In the context of hepatobiliary diseases, bilosome-based formulations have shown promise in improving the delivery and therapeutic efficacy of agents such as daclatasvir, sofosbuvir, silymarin, and pitavastatin, as well as bioactive polysaccharides th anti-hepatocarcinogenic activity (Matloub et al., 2018; Joseph Naguib et al., 2020; El-Nabarawi et al., 2021). Studies demonstrate that bilosome encapsulation can enhance hepatic targeting, increase drug bioavailability in the liver, and improve pharmacodynamic outcomes in models hepatitis C and hepatocellular carcinoma (Matloub et al., 2018; Joseph Naguib et al., 2020; El-Nabarawi et al., 2021).

Recent advancements include probilosomes and surface-modified bilosomes, which offer improved targeting specificity, formulation stability, and delivery efficiency (Nayak et al., 2023; Rajbhar et al., 2025).
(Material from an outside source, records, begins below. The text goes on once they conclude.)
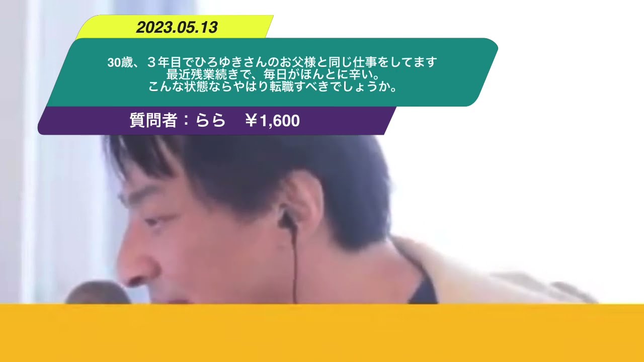 【ひろゆき】30歳、3年目で、ひろゆきさんのお父様と同じ仕事をしています。最近残業続きで、毎日がほんとに辛い。こんな状態ならやはり転職すべきでしょうか。ー ひろゆき切り抜き 20230513
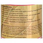 Quick action against Cold and Flu. Prevents symptoms like runny nose and/or sneezing, Coughing, Sore throat, head and body aches along with fever. Boosts up the immunity power against cough, cold and various allergic problems (eg. sinusitis, bronchial asthma etc). Also very effective to reduce the frequency of illness. Enhances the killing ability of macrophages that protects the body from microbial attack. Reduces fatigue and laziness in the body and makes you feel lighter and healthier.
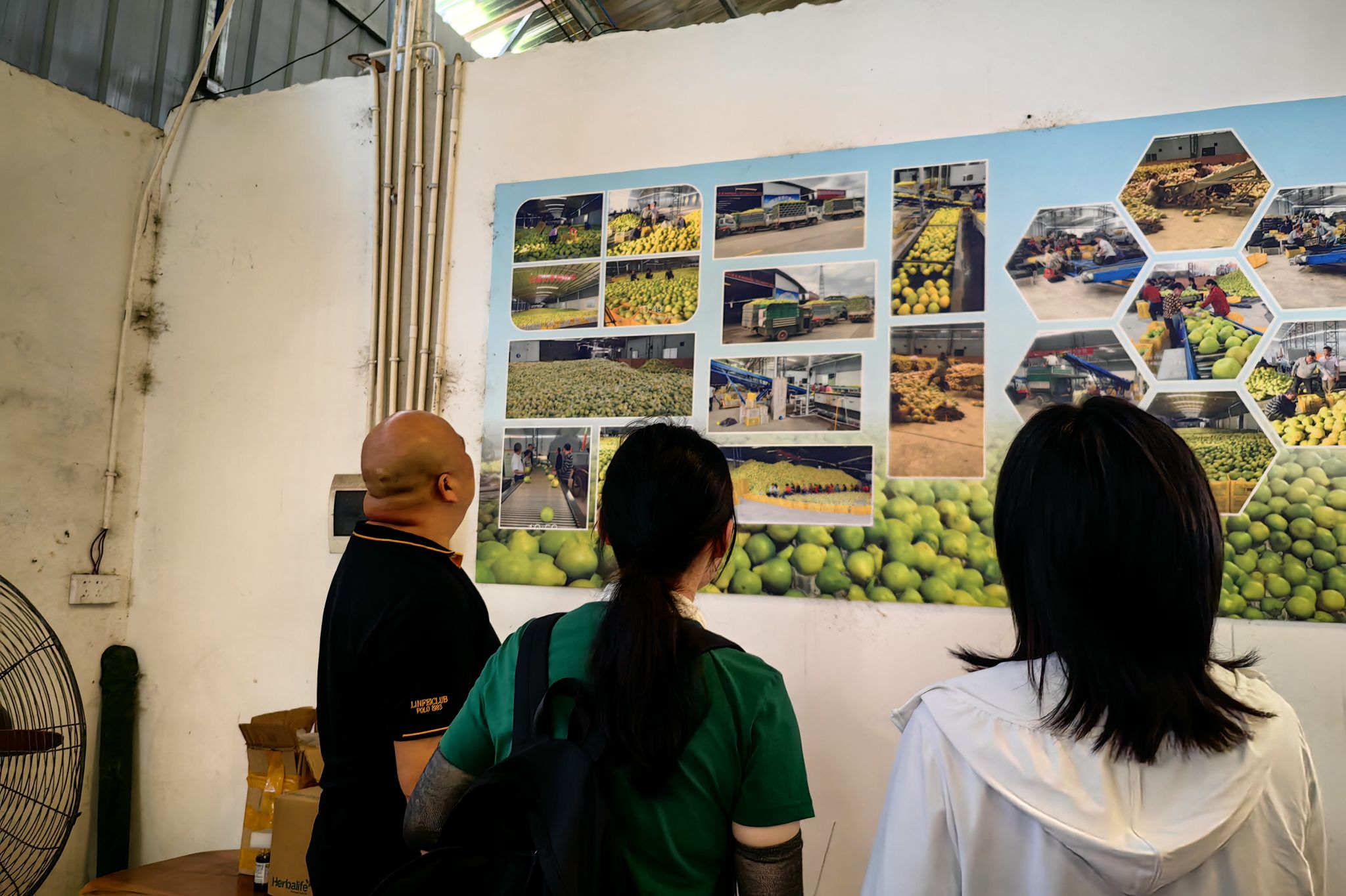 (何辉为实践团成员介绍香柚生产过程及具体步骤)

These platforms enable incorporation of targeting ligands, including antibodies, carbohydrates or peptides to optimize tissue-specific uptake and therapeutic outcomes (Nayak et al., 2023; Priya et al., 2023; Mitrović et al., 2025; Rajbhar et al., 2025). Polymer coatings such as the positively charged chitosan interact with the negatively charged surface of the bilosome to improve mucoadhesion and protect the vesicles in the gastrointestinal environment (Nayak et al., 2023; Priya et al., 2023; Mitrović et al., 2025). Polyethylene glycol integration increases circulation time and reduces immune recognition while also improving the ability to bypass the first-pass effect and avoid rapid metabolism (Figure 5) (Nayak et al., 2023; Mitrović et al., 2025).

While no bilosome-based therapies have yet received regulatory approval for clinical use, ongoing research is addressing formulation optimization, large-scale manufacturing, and long-term safety. These efforts aim to facilitate clinical translation and expand therapeutic options for diverse diseases.